Выколотив драпировки, мы присели передохнуть на каменную скамью в ризнице. Я видел в полумраке его ссутулившуюся фигуру, с огромными руками, покорно сложенными на худых коленях, ко лбу, блестевшему от пота, прилипла короткая прядь седеющих волос.
– Что думают обо мне прихожане?
– спросил вдруг я. Поскольку раньше мы с ним никогда ни о чем серьезном не заговаривали, обращаться к нему с таким вопросом было, казалось бы, нелепо, да я и не ждал, что он ответит. Он действительно заставил меня долго ждать.
– Болтают, что вы почти ничего не едите, - выговорил он наконец замогильным голосом, - еще, что вы морочите голову девчонкам на уроках закона божьего своими россказнями о том свете.
– Ну а вы? Что думаете обо мне вы, Арсен?
На этот раз он задумался так надолго, что я снова взялся за работу, повернувшись к нему спиной.
– По-моему, лет вам не хватает...
Я постарался обратить все в шутку, хотя мне было не до смеха:
– Ну, годы - дело наживное, Арсен!
Он, однако, не слушал меня, продолжая терпеливо, упрямо развивать свою мысль:
– Кюре - он вроде нотариуса. Он должен быть на месте, когда есть надобность. А надоедать не надо.
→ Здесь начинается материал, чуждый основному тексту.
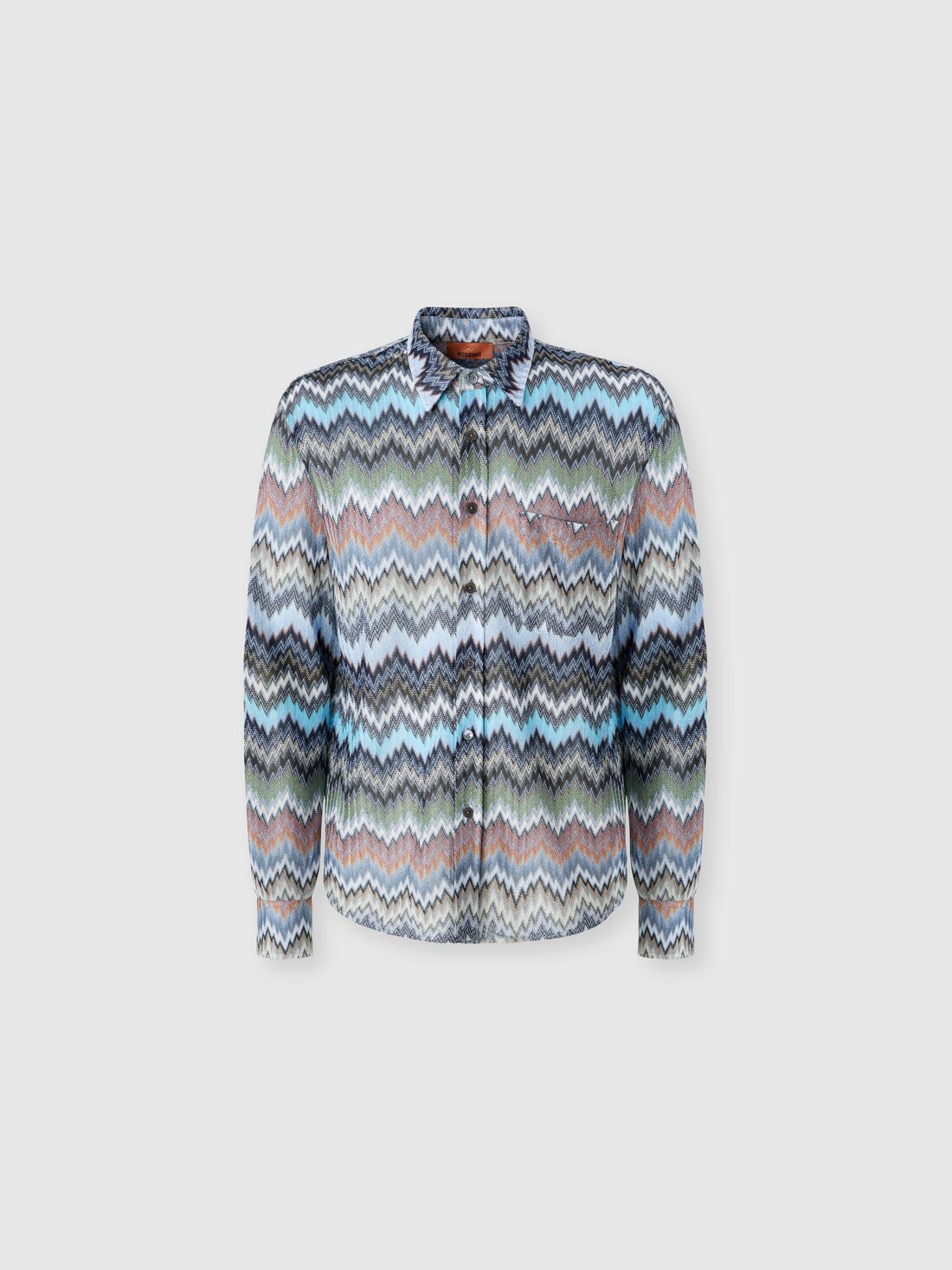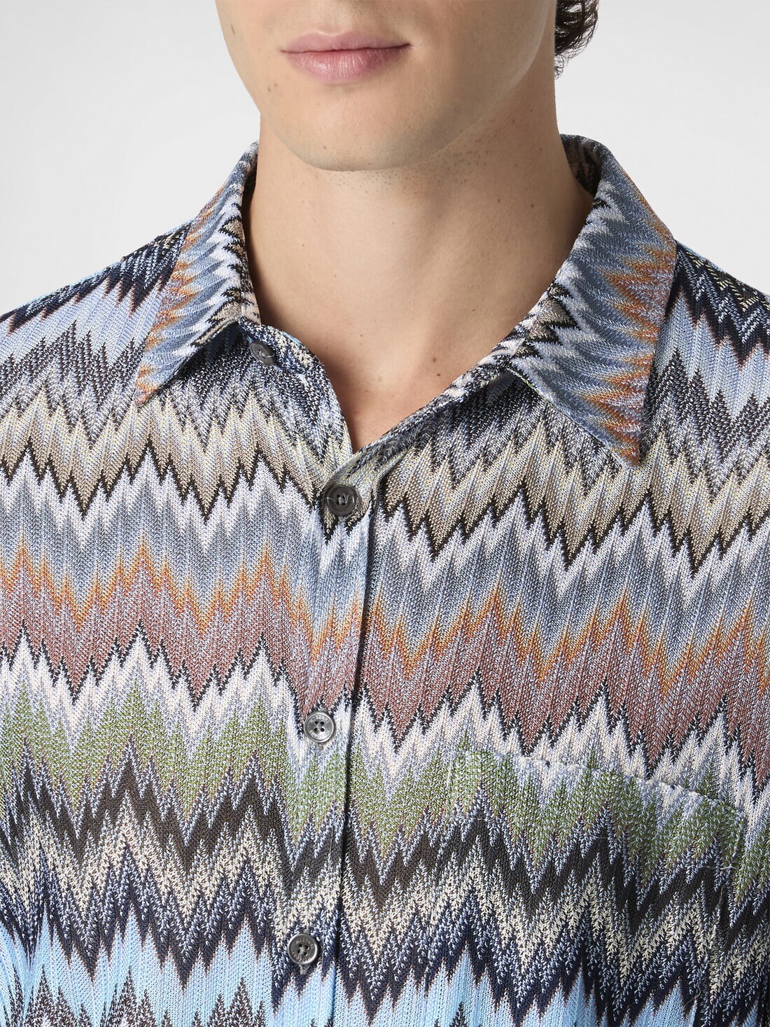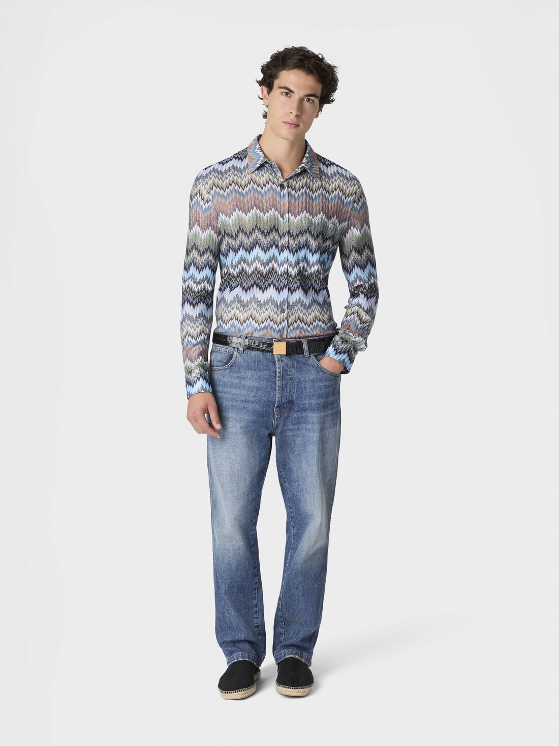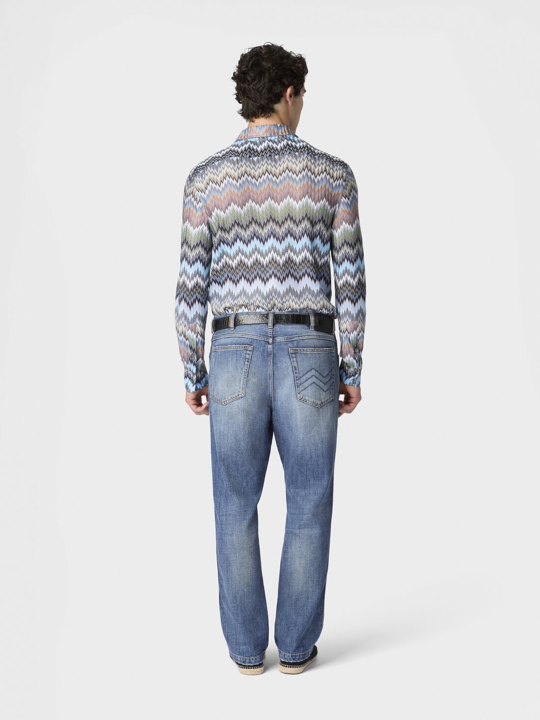 The raschel workmanship enhances the chevron snake motif that animates this long-sleeved men’s viscose shirt, giving it depth and movement. A piece that reflects the balance between textile creativity and artisanal mastery, hallmarks of the maison.

– Но послушайте, Арсен, нотариус ведь работает на себя, а я на Господа Бога. Люди сами редко обращаются к Богу.
Он подобрал с полу свою палку, оперся подбородком на рукоятку. Можно было подумать, что он дремлет.
– Обращать, - заговорил он наконец снова, - обращать... Мне вот семьдесят три года, а я никогда не видел еще собственными глазами обращенного. Человек каким рождается, таким и умирает. В нашей семье все связаны с церковью. Дед мой был звонарем в Лионе, покойная мать домоправительницей у господина кюре в Вильмане, не было случая, чтобы кто-нибудь из наших скончался, не причастившись святых даров. Голос крови, ничего не поделаешь.